Trott, Christian R.; Hammond, Simon; Dinge, Dennis; Lin, Paul T.; Vaughan, Courtenay T.; Cook, Jeanine; Rajan, Mahesh; Edwards, Harold C.; Hoekstra, Robert J.

For the FY15 ASC L2 Trilab Codesign milestone Sandia National Laboratories performed two main studies. The first study investigated three topics (performance, cross-platform portability and programmer productivity) when using OpenMP directives and the RAJA and Kokkos programming models available from LLNL and SNL respectively. The focus of this first study was the LULESH mini-application developed and maintained by LLNL. In the coming sections of the report the reader will find performance comparisons (and a demonstration of portability) for a variety of mini-application implementations produced during this study with varying levels of optimization.

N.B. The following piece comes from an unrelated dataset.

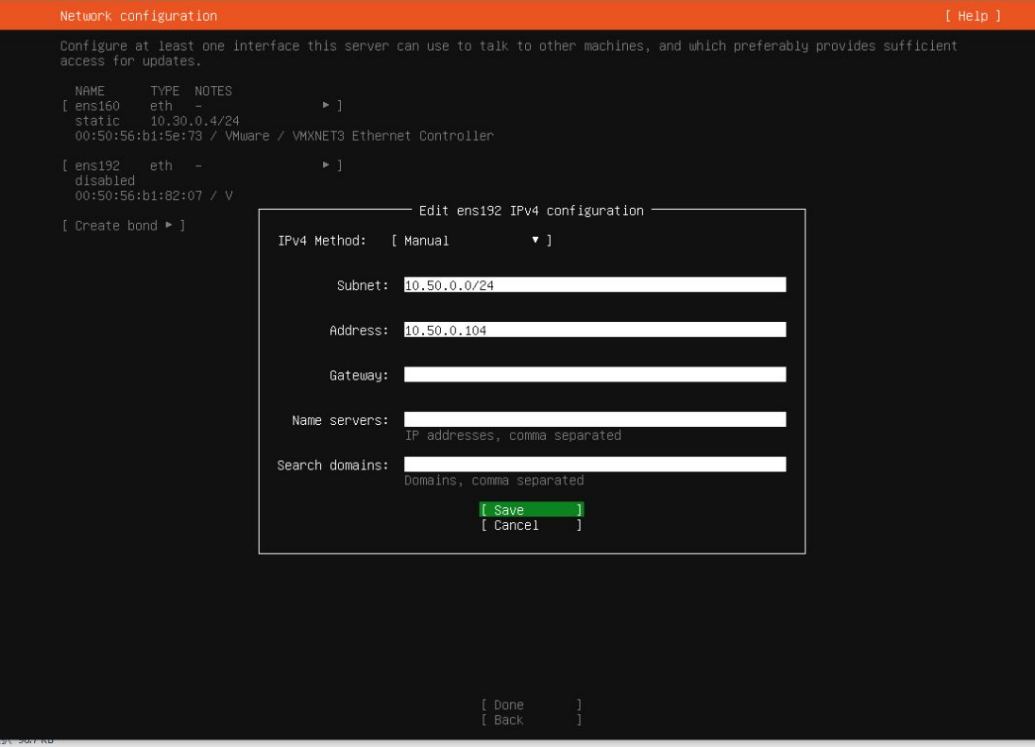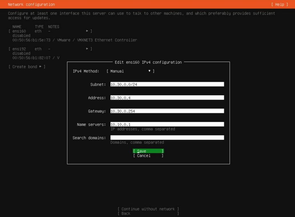 ⑤ 10.30.0.0/24のvNICのアドレスを設定します。ens160はbondせずそのままIPv4アドレスをManualで設定し進めます。Search domainsにホスト名のみの場合に補完して参照するdomainを入力します。

Of note is that the implementations utilized including optimizations across a number of programming models to help ensure claims that Kokkos can provide native-class application performance are valid. The second study performed during FY15 is a performance assessment of the MiniAero mini-application developed by Sandia. This mini-application was developed by the SIERRA Thermal-Fluid team at Sandia for the purposes of learning the Kokkos programming model and so is available in only a single implementation. For this report we studied its performance and scaling on a number of machines with the intent of providing insight into potential performance issues that may be experienced when similar algorithms are deployed on the forthcoming Trinity ASC ATS platform.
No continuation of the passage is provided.